Notwithstanding, studies using ovitrap data for direct prediction of dengue incidence are yet scarce8. Accordingly, a disparity can be observed in studies that address weekly dengue time series forecasting. The reasons for that might be the multifaceted dynamics of the disease itself and the complex associations between mosquito incidence and the risk of infections. Specifically, it has been reported that dengue incidence seems to be influenced by the exposure to areas where contact with infected mosquitos is probable, regardless of the distance of subjects' residence to those places9. Although the associations between dengue incidence and socioeconomic status have been addressed elsewhere10,11,12,13, studies for specific cities may shed light on these complex connections.

The main objectives of the present work are twofold. The first is to extract understandings on dengue disease from complete four-year data, weekly sampled at the city of Natal, located in the State of Rio Grande do Norte (RN), Brazil. The second goal is to train models that allow dengue forecasting for Natal, both by using past samples of dengue cases or previous values of Aedes aegypti eggs count (ovitrap data).

In order to address the second goal, we explored the current body of literature to verify methods that have been used for dengue time series prediction. As a result, we found several candidate models, such as Random Forest14, Support Vector Regression and LASSO Regression15, Autoregressive Integrated Moving Average (ARIMA)16 and Seasonal-ARIMA (SARIMA) models17. Also, in an extensive literature review18, Sylvestre and colleagues analyzed papers published between January 1, 2000 and August 31, 2020. They concluded that the models with the best performances for dengue prediction were Neural Networks and Decision Trees, followed by Support Vector Machines.

In our study, we opted out to use Long Short-Term Memory (LSTM), a neural network model that has been used elsewhere19,20,21,22 for dengue time series forecasting, outperforming traditional methods such as Random Forest and Lasso Regression19. Thus, the novelty of our study related to dengue time series forecasting lies in applying ovitrap data as a predictor in conjunction with the LSTM model.
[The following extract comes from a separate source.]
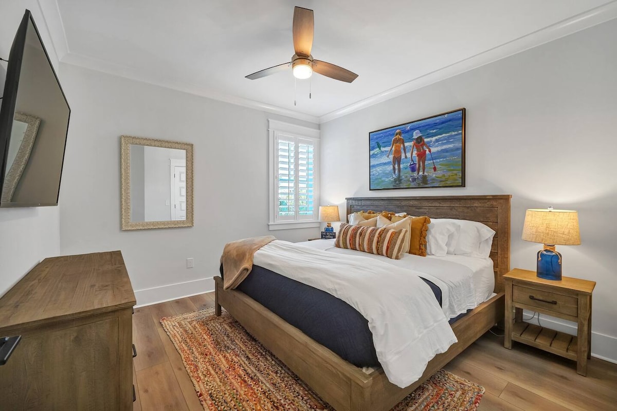 Maliit ang tangkad pero engrande ang disenyo, mapapa - wow ka sa 30A beach house na ito. Access sa pool, gym, at magagandang white sand beach na ilang bloke ang layo. Makikita ang Small Waves sa Blue Mountain Beach area, na kilala sa kagandahan nito, sa mga restawran nito, at sa sikat na ice cream shop nito. Mayroon kaming EV car charger para sa mga de - kuryenteng kotse (walang dagdag na bayad) kasama ang access sa electric golf cart (dagdag na bayad). May king size bed at twin bed ang silid - tulugan at mayroon ding 2 pang - isahang kama sa itaas.
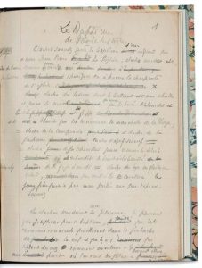 Manuscrit de premier jet au crayon et à l'encre titré, folioté et comportant des ratures et corrections.

We have analyzed data of spatially distributed ovitraps and dengue incidence reported by neighborhoods. A compilation of the relevant results obtained in the study is summarized below:

  • It was estimated a 1-year seasonality for dengue incidence and vector incidence (quantified through egg deposition) in the data analyzed.

  • The estimated time lag between vector and dengue was four weeks.

  • In Natal, dengue incidence reveals a strong association with neighborhood socioeconomic status.

  • Using dengue cases reported from previous weeks to forecast dengue incidence for the subsequent week allowed us to train LSTM models that show encouraging performance (goodness-of-fit estimated by a correlation coefficient of 0.92).

  • Forecasting dengue incidence with ovitrap data as a predictor has indicated a performance (goodness-of-fit estimated by a correlation coefficient of 0.87) similar to that of using dengue incidence.

  • The benefit of using ovitrap data is the possibility of earlier detection (six to four weeks in advance) of dengue outbreaks than when the number of dengue cases is used as a predictor (one week in advance).

  • Accumulated values for 1-year duration temporal windows have shown a significant association between ovitrap data and dengue incidence.

Such findings underscore the relevance of ovitrap for vector monitoring and planning actions and public health interventions at the municipal level. Additionally, the use of Deep Learning (DL) models and data mining approaches could substantially contribute to epidemiologists and public health specialists to overcome and manage dengue-related problems.


Heat map representation of egg density index (EDI) and dengue incidence, grouped by districts

Figure 1 depicts, in the left panels, heat maps for EDI (bottom) and dengue incidence (upper) for neighborhoods grouped by districts. Some observations can be highlighted from the visual inspection of such heat maps. First, an annual seasonal variation seems to be apparent both for dengue incidence and EDI data. Second, trends of EDI increase appear in antecedence of dengue incidence increase. Third, grouping neighborhoods by districts revealed differences among them. For instance, between East and South, as these were the districts with less dengue incidence. In contrast, North and West had higher cases throughout the studied interval.

Figure 1
figure 1

Evolution of dengue incidence and EDI* and the association of accumulated dengue incidence by neighborhoods and socioeconomic variables. (a) Representation of heat maps for EDI and dengue incidence, neighborhoods grouped by districts. (b) Upper panel: scatter plot of PC1 vs. PC2 for PCA of socioeconomic variables; bottom panel: PC1 vs. accumulated dengue incidence (log2 transformed) by neighborhoods. (*EDI for each neighborhood was weighted by the respective population. The neighborhood with the higher population was multiplied by 1, and the remainder was multiplied by a proportional factor.)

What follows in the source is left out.